● EXERCISE
Please, from the entries below, transcribe exactly the lines that begin at the line with "Принцу во дворце" and end at the line with "Men's Hiphop Allmatch", without the pictures.

● INFORMATION PROVIDED

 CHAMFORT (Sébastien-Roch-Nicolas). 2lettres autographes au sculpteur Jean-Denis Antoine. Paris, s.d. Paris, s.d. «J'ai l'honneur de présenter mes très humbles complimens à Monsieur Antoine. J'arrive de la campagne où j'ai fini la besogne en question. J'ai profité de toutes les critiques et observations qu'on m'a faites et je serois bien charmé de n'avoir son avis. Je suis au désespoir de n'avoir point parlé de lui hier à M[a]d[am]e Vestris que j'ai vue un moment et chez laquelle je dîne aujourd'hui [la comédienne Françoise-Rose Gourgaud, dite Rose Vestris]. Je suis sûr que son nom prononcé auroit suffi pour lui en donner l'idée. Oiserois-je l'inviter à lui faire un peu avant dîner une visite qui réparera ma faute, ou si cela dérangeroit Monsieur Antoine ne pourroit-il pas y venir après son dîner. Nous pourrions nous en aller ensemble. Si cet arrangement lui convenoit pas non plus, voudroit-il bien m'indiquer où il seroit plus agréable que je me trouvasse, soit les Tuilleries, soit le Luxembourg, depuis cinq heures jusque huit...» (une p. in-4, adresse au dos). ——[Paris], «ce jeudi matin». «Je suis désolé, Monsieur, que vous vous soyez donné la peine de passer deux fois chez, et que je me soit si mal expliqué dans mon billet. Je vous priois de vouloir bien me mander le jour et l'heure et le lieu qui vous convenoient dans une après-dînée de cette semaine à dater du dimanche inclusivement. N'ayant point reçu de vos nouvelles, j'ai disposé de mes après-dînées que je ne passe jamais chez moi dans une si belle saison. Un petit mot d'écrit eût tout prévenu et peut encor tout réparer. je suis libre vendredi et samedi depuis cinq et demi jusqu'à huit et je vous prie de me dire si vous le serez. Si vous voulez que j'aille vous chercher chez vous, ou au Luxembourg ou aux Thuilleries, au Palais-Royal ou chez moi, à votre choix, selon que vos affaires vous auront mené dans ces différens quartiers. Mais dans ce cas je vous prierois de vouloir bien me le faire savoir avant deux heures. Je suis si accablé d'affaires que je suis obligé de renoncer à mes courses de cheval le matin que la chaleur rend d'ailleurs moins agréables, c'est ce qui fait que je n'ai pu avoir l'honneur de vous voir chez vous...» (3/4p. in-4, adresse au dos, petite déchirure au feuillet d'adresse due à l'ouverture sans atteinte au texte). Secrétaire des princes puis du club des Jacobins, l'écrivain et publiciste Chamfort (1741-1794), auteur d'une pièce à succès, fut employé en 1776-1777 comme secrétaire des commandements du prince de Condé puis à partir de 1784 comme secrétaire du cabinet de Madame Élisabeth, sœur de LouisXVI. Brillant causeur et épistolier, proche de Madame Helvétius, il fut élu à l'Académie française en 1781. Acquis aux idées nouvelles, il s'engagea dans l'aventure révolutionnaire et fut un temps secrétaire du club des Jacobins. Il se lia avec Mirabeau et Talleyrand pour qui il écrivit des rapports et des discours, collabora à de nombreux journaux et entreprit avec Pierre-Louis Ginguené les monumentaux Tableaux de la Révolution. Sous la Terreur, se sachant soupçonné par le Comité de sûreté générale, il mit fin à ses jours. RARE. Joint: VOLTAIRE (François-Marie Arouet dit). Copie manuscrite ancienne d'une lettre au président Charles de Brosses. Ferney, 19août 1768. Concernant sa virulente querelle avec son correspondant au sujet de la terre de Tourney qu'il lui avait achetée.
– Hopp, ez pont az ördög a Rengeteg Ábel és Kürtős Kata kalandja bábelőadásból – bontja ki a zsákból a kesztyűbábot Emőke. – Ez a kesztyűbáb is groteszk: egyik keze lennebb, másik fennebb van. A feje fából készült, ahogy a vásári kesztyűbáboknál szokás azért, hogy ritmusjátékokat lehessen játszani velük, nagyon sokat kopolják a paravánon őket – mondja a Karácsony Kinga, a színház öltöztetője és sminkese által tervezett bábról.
==
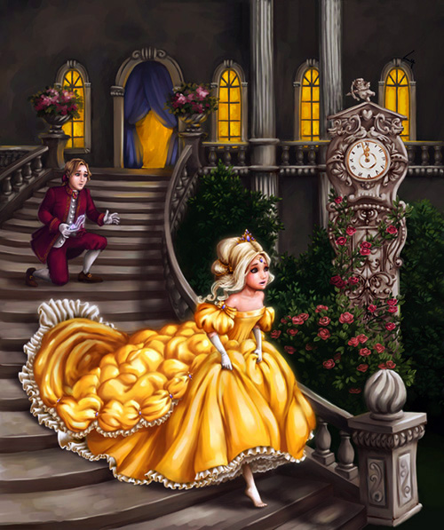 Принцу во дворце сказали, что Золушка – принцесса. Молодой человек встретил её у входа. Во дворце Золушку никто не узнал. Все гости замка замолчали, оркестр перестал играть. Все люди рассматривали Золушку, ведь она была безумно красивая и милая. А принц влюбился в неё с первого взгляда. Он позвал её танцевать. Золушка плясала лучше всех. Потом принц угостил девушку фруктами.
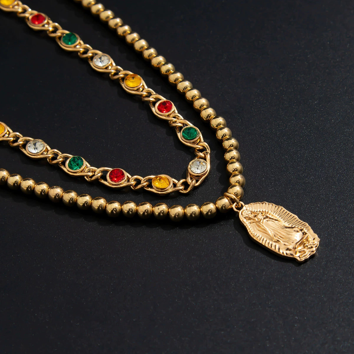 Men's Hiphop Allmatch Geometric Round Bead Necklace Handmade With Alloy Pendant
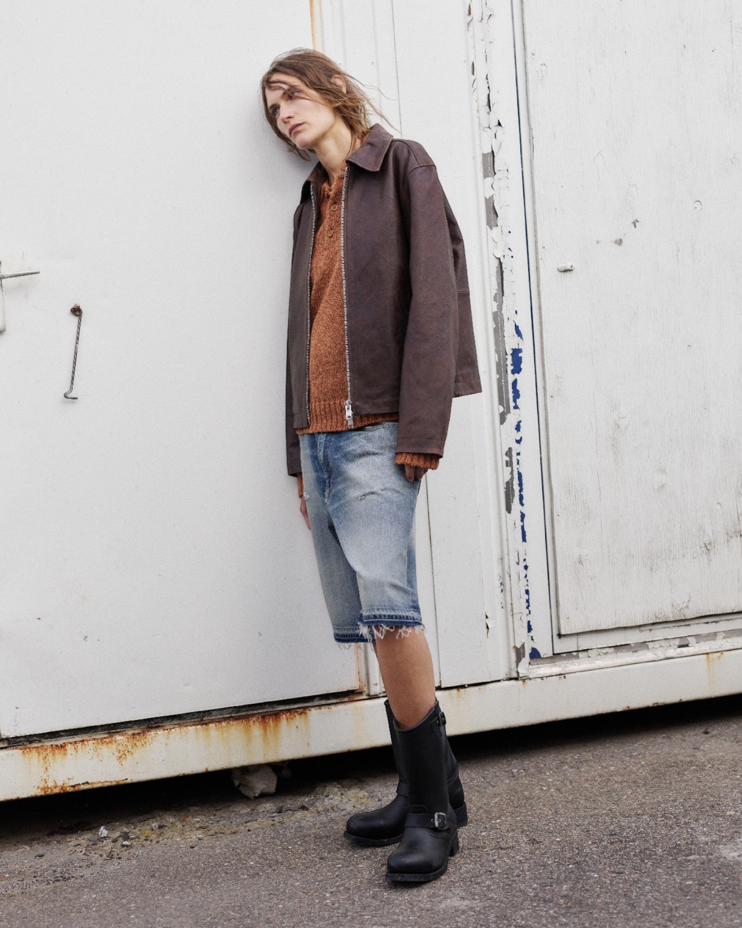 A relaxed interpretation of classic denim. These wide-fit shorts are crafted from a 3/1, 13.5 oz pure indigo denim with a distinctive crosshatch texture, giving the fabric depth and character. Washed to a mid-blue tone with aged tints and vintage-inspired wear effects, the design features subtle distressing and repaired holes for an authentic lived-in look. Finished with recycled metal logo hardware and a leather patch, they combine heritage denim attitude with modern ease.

● RESPONSE AREA
 Принцу во дворце сказали, что Золушка – принцесса. Молодой человек встретил её у входа. Во дворце Золушку никто не узнал. Все гости замка замолчали, оркестр перестал играть. Все люди рассматривали Золушку, ведь она была безумно красивая и милая. А принц влюбился в неё с первого взгляда. Он позвал её танцевать. Золушка плясала лучше всех. Потом принц угостил девушку фруктами.
 Men's Hiphop Allmatch Geometric Round Bead Necklace Handmade With Alloy Pendant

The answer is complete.